Well, the altitude can kick your ass a little bit. So can a crazy bus ride.
Gotta say, I’ve been super happy with Cruz Del Sur as a bus company so far as they have lived up to their reputation for being safe, punctual and comfortable. Don’t quite know what happened last night, but I think we can chalk it up to a couple of things.
- There were a few accidents on the road from Arequipa to Cusco (apparently this is pretty common in Peru in general), which slowed us down considerably and possibly had us taking an alternate route, which would explain why we got in to Cusco 3 hours later than expected.
- Lots of twists and turns and bumps, possibly due to the alternative routes but also likely due to the fact that we’re way above sea level right now.
- I think the person attending to us on the bus was relatively new and didn’t speak much English, which combined for a tricky situation with point three.
- The toilets are only for urination.
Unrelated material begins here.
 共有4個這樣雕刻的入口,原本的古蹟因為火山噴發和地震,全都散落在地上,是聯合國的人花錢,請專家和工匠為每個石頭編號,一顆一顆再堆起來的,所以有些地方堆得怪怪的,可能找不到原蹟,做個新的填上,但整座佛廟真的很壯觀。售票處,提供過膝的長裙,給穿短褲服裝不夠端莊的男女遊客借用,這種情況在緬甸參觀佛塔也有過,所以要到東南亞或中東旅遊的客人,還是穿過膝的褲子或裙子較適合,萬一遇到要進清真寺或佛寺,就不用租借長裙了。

I repeat, the toilets are only for urination.
You can’t poop on a Cruz Del Sur bus. To get around that, they tell you that, if you have “other” bathroom needs, you can talk to the attendant and they will arrange a safe stop. Well, Daina had other needs, talked to the attendant, she forgot, he asked again and said forget it, and the poor guy basically had a bun in the oven all the way to Cusco. I don’t know what would happen to the bus if poop actually went into the toilet, maybe it gets into the fuel tank or something, I don’t know. Seems like a design flaw.
We got into Cusco at 8 am and made it to El Tuco Guesthouse, which is actually pretty awesome looking. Huge room, huge (and clean!) bathroom, little courtyard. Not a bad find so far.
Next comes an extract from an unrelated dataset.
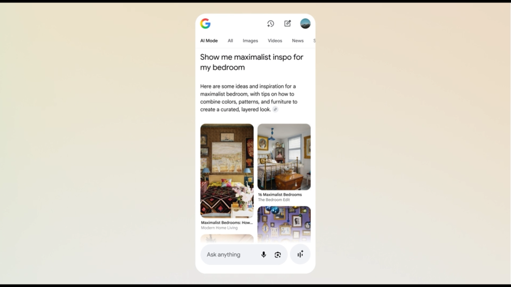 For instance, you might see someone on the street with an aesthetic you like, snap a picture, and ask AI Mode to “show me this style in lighter shades,” Or ask for “retro 50s living room designs” and see what people were sitting on and around 75 years ago. Google pitches the features as a way to replace filters and awkward keywords with natural conversation.

Then came the nap. The bed was actually comfortable, first one I can honestly say that about so far. I ended up waking up a bit sooner than Daina so I wandered into town, took some snapshots, ran in to a Mary and Lisa who we met at the hostel in Nazca and confirmed our tour to the Inca Trail (though we’ll have to some more of that tomorrow as I didn’t bring all of our info). Cusco seems beautiful, lots of brown stone churches surrounded by hills and rainbow (Inca) flags. Apparently there’s a big festival in town tomorrow so that should be fun to check out.
Gotta say, though, that cold and altitude do tire you out. We’re sitting at 3400 m (11200 feet, thank you, Wikipedia) and after walking briskly I did get a bit out of breath. Taking it easy at the moment, don’t want to overexert ourselves before the big day. A small dinner tonight, a good night’s rest and we should be good to catch the festivities tomorrow.